--- START ---
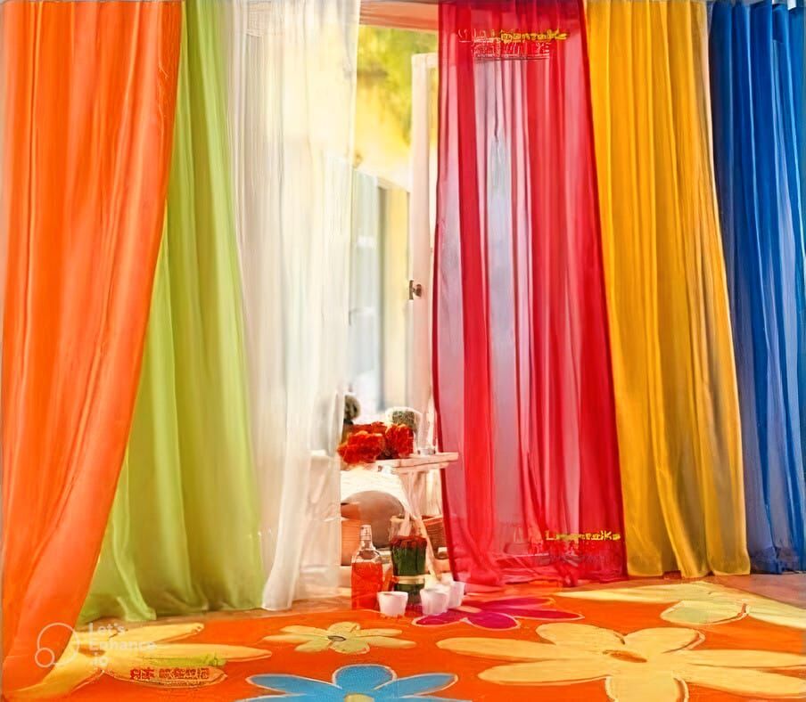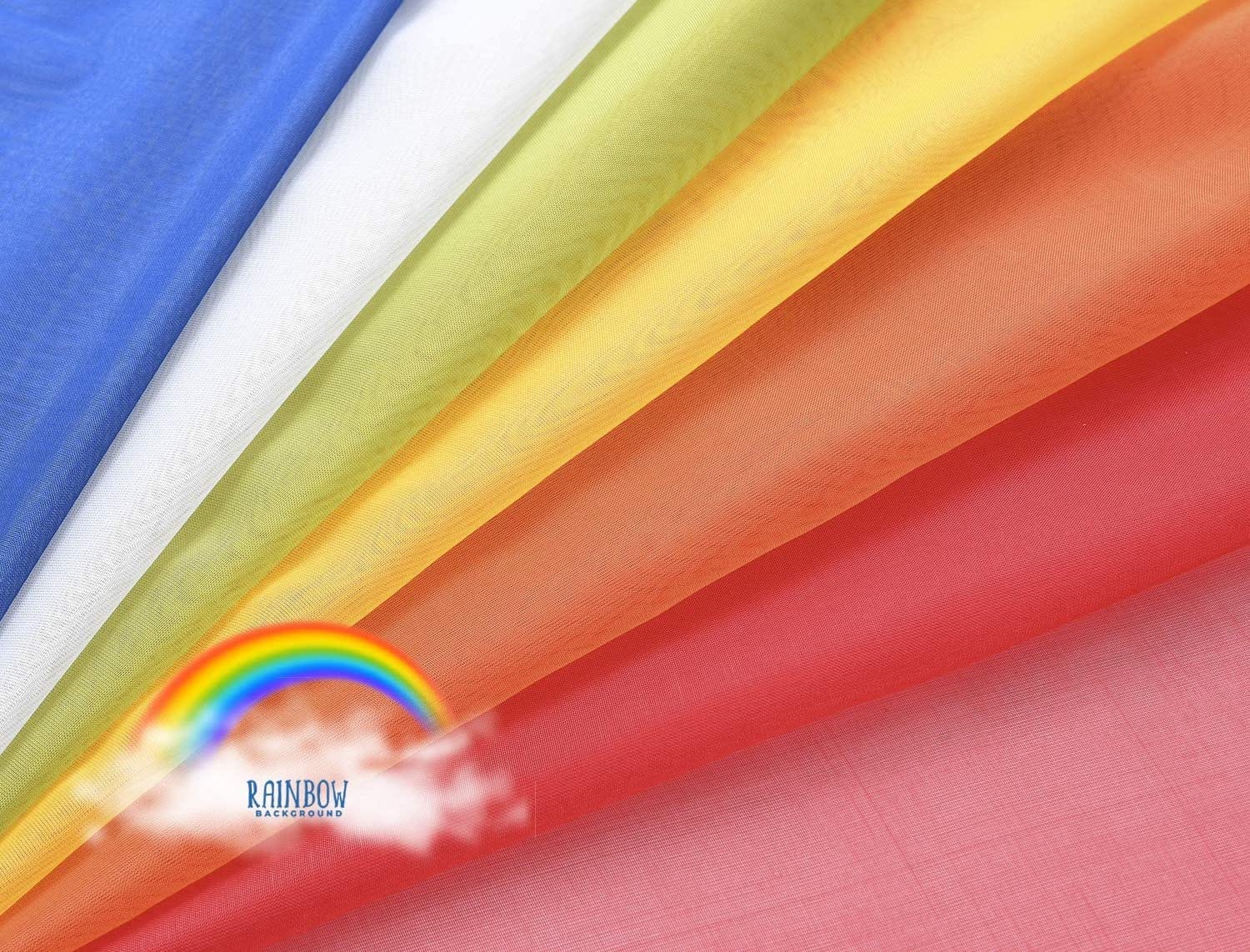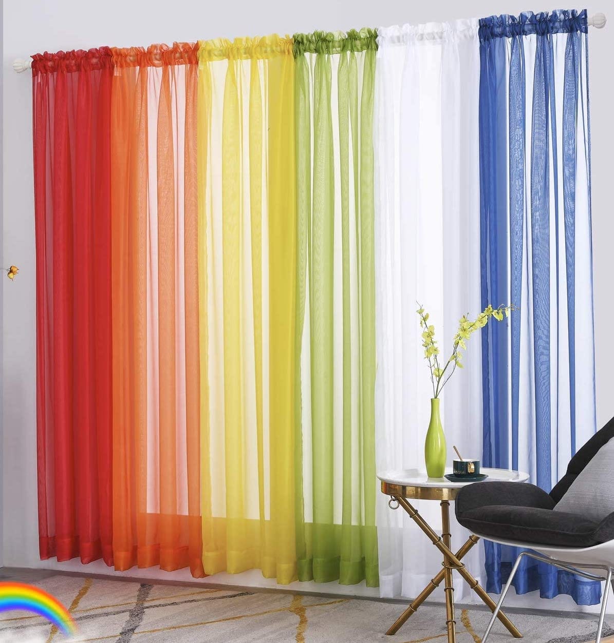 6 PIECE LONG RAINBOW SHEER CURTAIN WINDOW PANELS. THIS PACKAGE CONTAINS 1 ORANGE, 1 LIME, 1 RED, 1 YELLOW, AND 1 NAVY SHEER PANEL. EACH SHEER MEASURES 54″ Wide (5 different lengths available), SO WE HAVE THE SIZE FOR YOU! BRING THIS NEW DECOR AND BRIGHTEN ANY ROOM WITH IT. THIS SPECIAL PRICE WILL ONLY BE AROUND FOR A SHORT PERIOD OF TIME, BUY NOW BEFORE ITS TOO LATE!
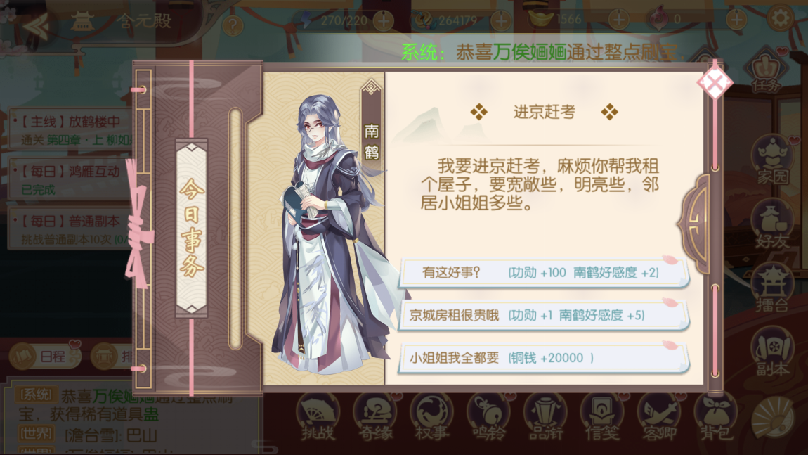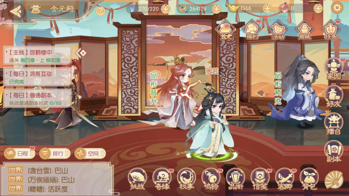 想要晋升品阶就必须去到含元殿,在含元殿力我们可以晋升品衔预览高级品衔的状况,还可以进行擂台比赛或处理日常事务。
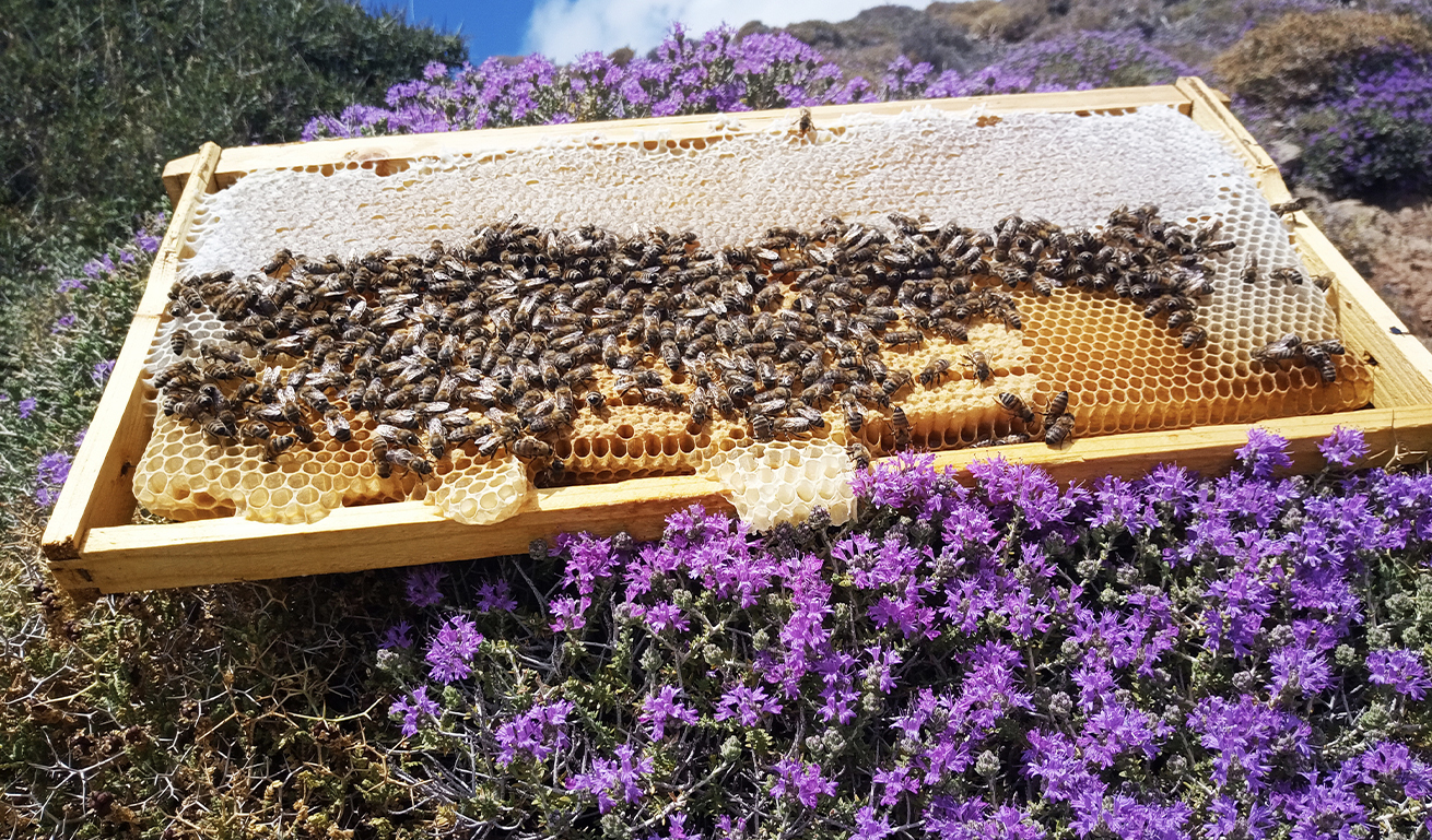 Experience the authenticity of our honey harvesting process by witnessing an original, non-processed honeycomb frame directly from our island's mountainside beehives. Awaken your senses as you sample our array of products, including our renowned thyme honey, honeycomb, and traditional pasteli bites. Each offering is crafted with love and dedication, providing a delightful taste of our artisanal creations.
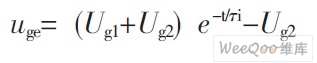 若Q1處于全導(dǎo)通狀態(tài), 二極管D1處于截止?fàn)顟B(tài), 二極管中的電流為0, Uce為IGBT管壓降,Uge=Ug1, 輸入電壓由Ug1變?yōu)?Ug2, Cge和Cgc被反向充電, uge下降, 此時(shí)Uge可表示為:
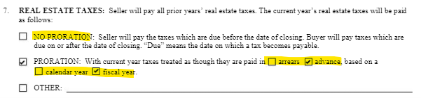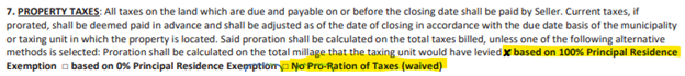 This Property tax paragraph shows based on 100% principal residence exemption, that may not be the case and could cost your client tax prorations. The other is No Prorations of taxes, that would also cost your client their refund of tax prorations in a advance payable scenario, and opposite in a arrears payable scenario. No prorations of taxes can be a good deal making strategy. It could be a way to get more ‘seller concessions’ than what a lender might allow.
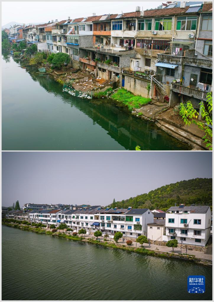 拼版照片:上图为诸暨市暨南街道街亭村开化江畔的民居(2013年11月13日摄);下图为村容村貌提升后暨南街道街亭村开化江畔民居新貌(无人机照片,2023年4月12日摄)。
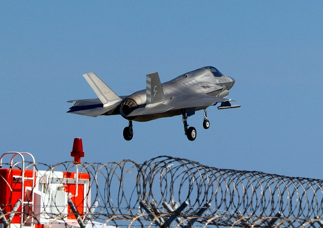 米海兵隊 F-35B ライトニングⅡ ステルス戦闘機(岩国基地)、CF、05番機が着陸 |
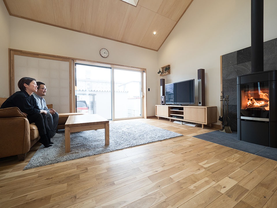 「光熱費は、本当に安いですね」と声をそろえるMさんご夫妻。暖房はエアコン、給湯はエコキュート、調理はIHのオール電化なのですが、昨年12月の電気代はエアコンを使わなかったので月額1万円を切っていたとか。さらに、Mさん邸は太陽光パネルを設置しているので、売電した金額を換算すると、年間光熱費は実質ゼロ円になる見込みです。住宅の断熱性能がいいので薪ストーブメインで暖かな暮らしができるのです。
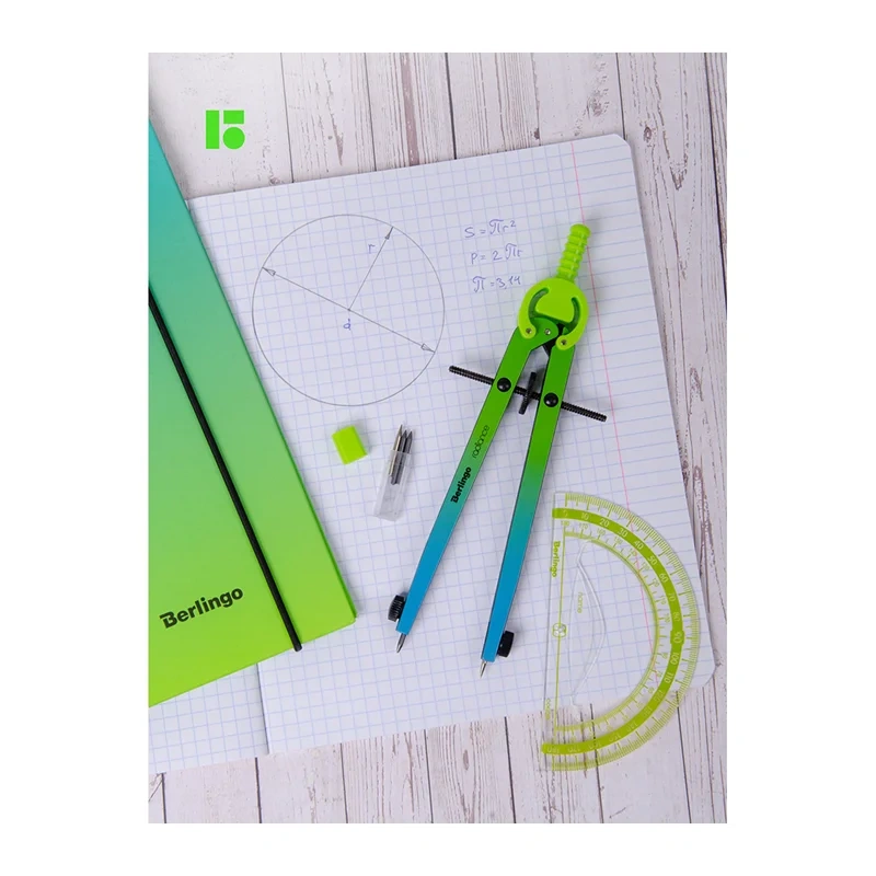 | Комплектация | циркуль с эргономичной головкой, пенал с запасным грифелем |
--- END ---
* **WORK ORDER**
Output every record verbatim, skipping images.

* **RESULT FOR THIS EXERCISE**
 6 PIECE LONG RAINBOW SHEER CURTAIN WINDOW PANELS. THIS PACKAGE CONTAINS 1 ORANGE, 1 LIME, 1 RED, 1 YELLOW, AND 1 NAVY SHEER PANEL. EACH SHEER MEASURES 54″ Wide (5 different lengths available), SO WE HAVE THE SIZE FOR YOU! BRING THIS NEW DECOR AND BRIGHTEN ANY ROOM WITH IT. THIS SPECIAL PRICE WILL ONLY BE AROUND FOR A SHORT PERIOD OF TIME, BUY NOW BEFORE ITS TOO LATE!
 想要晋升品阶就必须去到含元殿,在含元殿力我们可以晋升品衔预览高级品衔的状况,还可以进行擂台比赛或处理日常事务。
 Experience the authenticity of our honey harvesting process by witnessing an original, non-processed honeycomb frame directly from our island's mountainside beehives. Awaken your senses as you sample our array of products, including our renowned thyme honey, honeycomb, and traditional pasteli bites. Each offering is crafted with love and dedication, providing a delightful taste of our artisanal creations.
 若Q1處于全導(dǎo)通狀態(tài), 二極管D1處于截止?fàn)顟B(tài), 二極管中的電流為0, Uce為IGBT管壓降,Uge=Ug1, 輸入電壓由Ug1變?yōu)?Ug2, Cge和Cgc被反向充電, uge下降, 此時(shí)Uge可表示為:
 This Property tax paragraph shows based on 100% principal residence exemption, that may not be the case and could cost your client tax prorations. The other is No Prorations of taxes, that would also cost your client their refund of tax prorations in a advance payable scenario, and opposite in a arrears payable scenario. No prorations of taxes can be a good deal making strategy. It could be a way to get more ‘seller concessions’ than what a lender might allow.
 拼版照片:上图为诸暨市暨南街道街亭村开化江畔的民居(2013年11月13日摄);下图为村容村貌提升后暨南街道街亭村开化江畔民居新貌(无人机照片,2023年4月12日摄)。
 米海兵隊 F-35B ライトニングⅡ ステルス戦闘機(岩国基地)、CF、05番機が着陸 |
 「光熱費は、本当に安いですね」と声をそろえるMさんご夫妻。暖房はエアコン、給湯はエコキュート、調理はIHのオール電化なのですが、昨年12月の電気代はエアコンを使わなかったので月額1万円を切っていたとか。さらに、Mさん邸は太陽光パネルを設置しているので、売電した金額を換算すると、年間光熱費は実質ゼロ円になる見込みです。住宅の断熱性能がいいので薪ストーブメインで暖かな暮らしができるのです。
 | Комплектация | циркуль с эргономичной головкой, пенал с запасным грифелем |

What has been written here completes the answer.